*Data listing:*
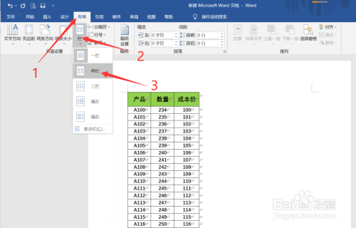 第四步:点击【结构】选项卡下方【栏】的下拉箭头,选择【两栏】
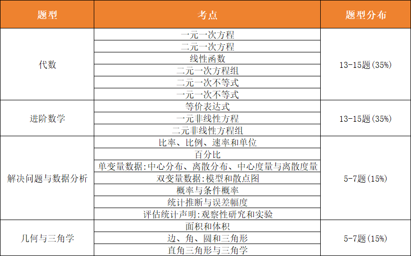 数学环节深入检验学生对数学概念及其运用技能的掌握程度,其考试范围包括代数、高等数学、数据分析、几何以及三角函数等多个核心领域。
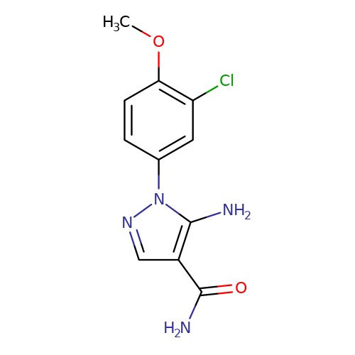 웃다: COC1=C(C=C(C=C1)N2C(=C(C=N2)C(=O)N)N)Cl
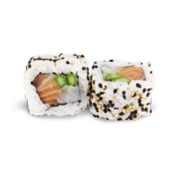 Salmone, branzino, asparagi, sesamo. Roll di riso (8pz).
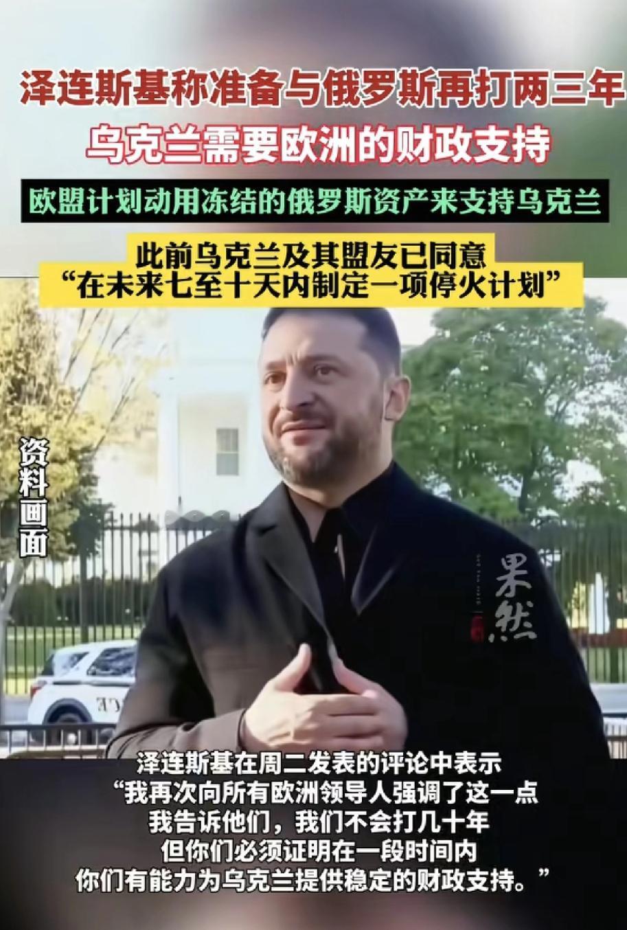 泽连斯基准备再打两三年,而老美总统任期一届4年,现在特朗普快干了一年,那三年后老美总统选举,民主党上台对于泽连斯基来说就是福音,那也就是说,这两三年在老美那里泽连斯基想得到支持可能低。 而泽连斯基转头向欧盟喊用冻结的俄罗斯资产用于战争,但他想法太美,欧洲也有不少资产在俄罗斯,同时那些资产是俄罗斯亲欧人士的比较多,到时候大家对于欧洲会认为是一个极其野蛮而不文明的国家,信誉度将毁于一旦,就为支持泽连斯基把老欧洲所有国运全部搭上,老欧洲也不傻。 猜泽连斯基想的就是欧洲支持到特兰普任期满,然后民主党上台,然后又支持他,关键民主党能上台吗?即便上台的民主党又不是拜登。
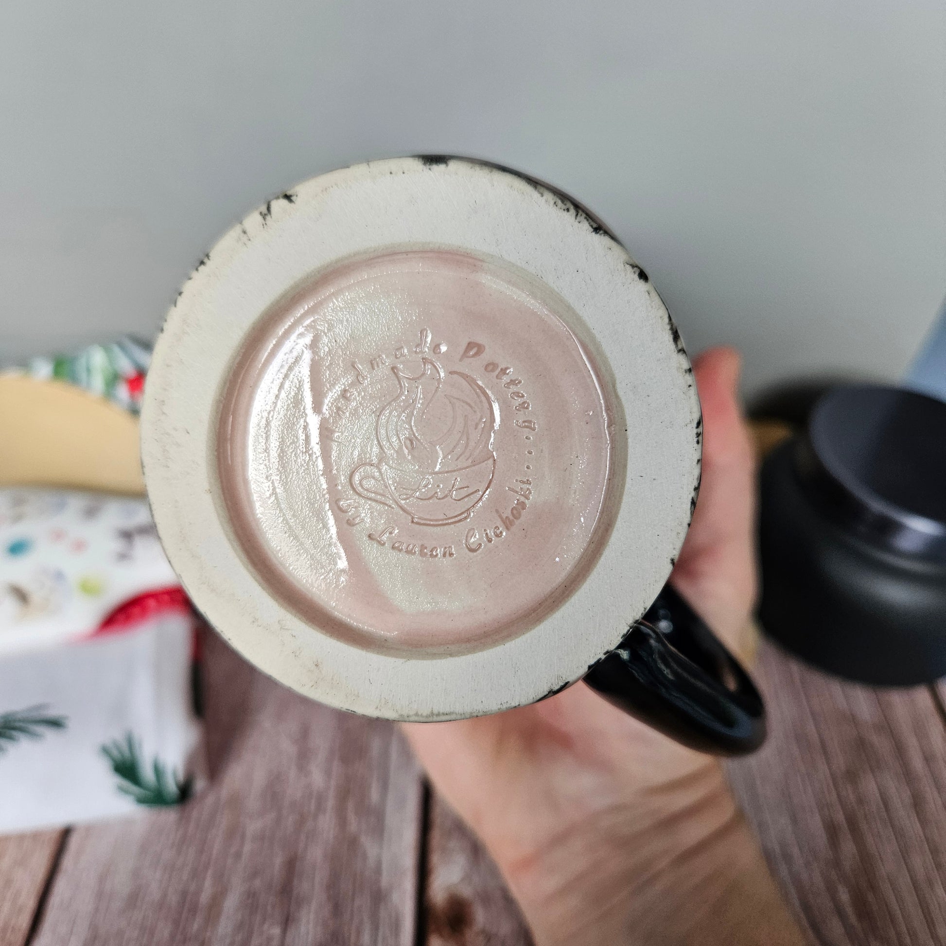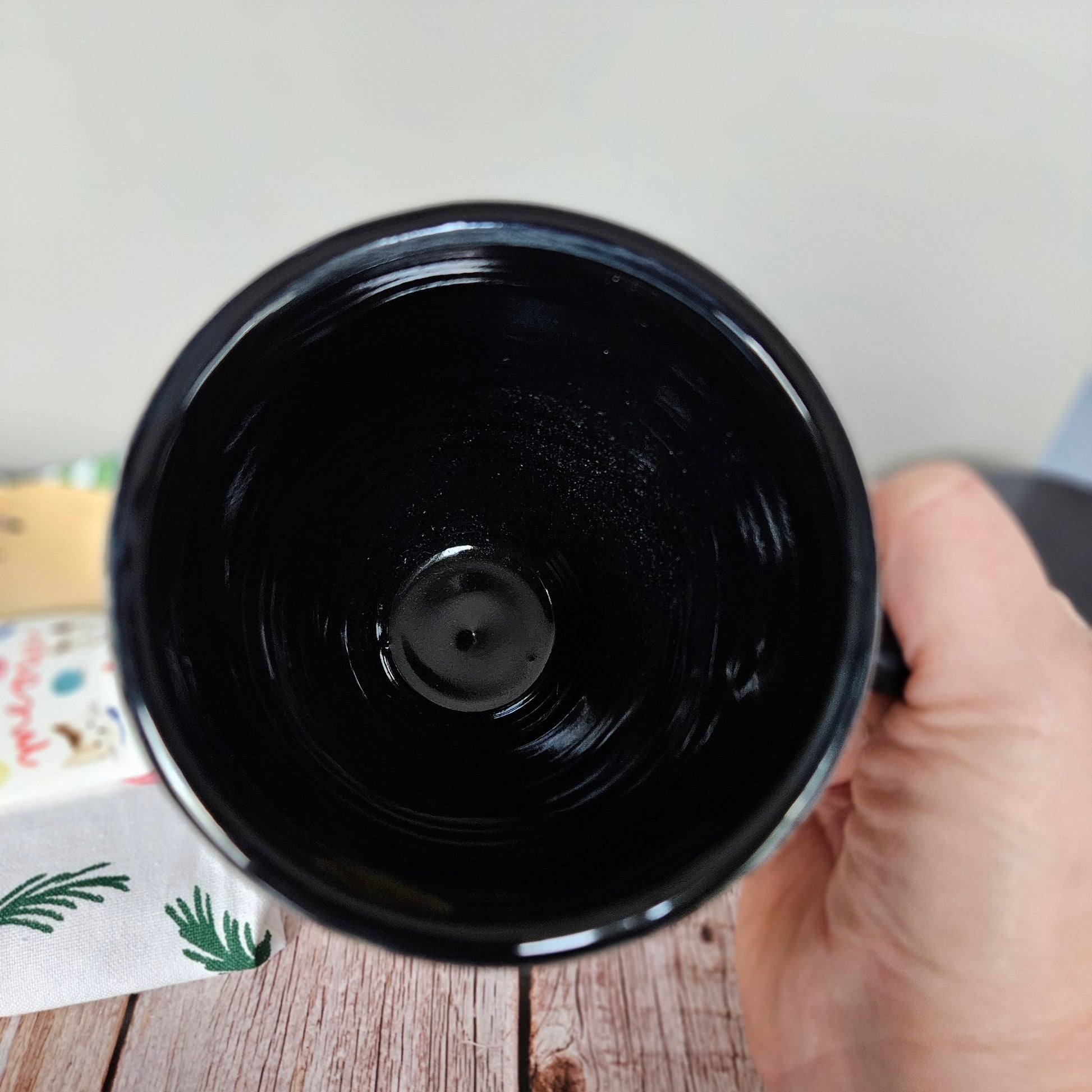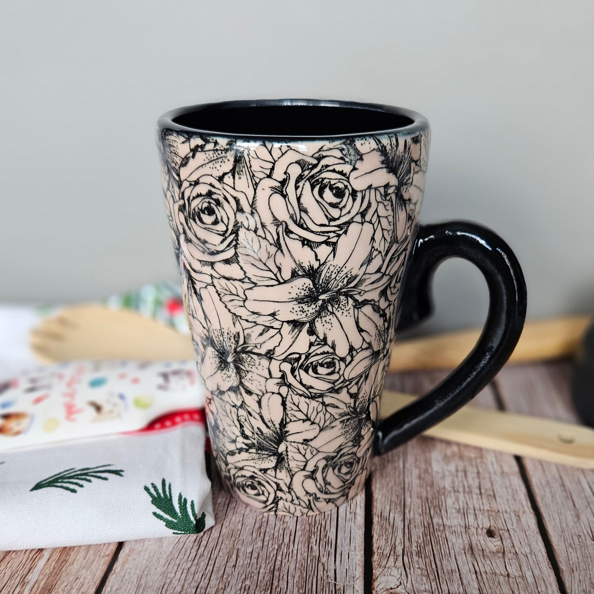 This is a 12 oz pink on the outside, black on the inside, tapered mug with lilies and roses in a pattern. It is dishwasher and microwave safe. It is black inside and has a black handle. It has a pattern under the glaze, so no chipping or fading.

*Task statement:* Above are the records; please give again, exactly and in full, only the lines that run from the line with "数学环节深入检验学生对数学概" through the line with "Salmone, branzino, asparagi, sesamo.", with no pictures.

*Answer to this problem:*
 数学环节深入检验学生对数学概念及其运用技能的掌握程度,其考试范围包括代数、高等数学、数据分析、几何以及三角函数等多个核心领域。
 웃다: COC1=C(C=C(C=C1)N2C(=C(C=N2)C(=O)N)N)Cl
 Salmone, branzino, asparagi, sesamo. Roll di riso (8pz).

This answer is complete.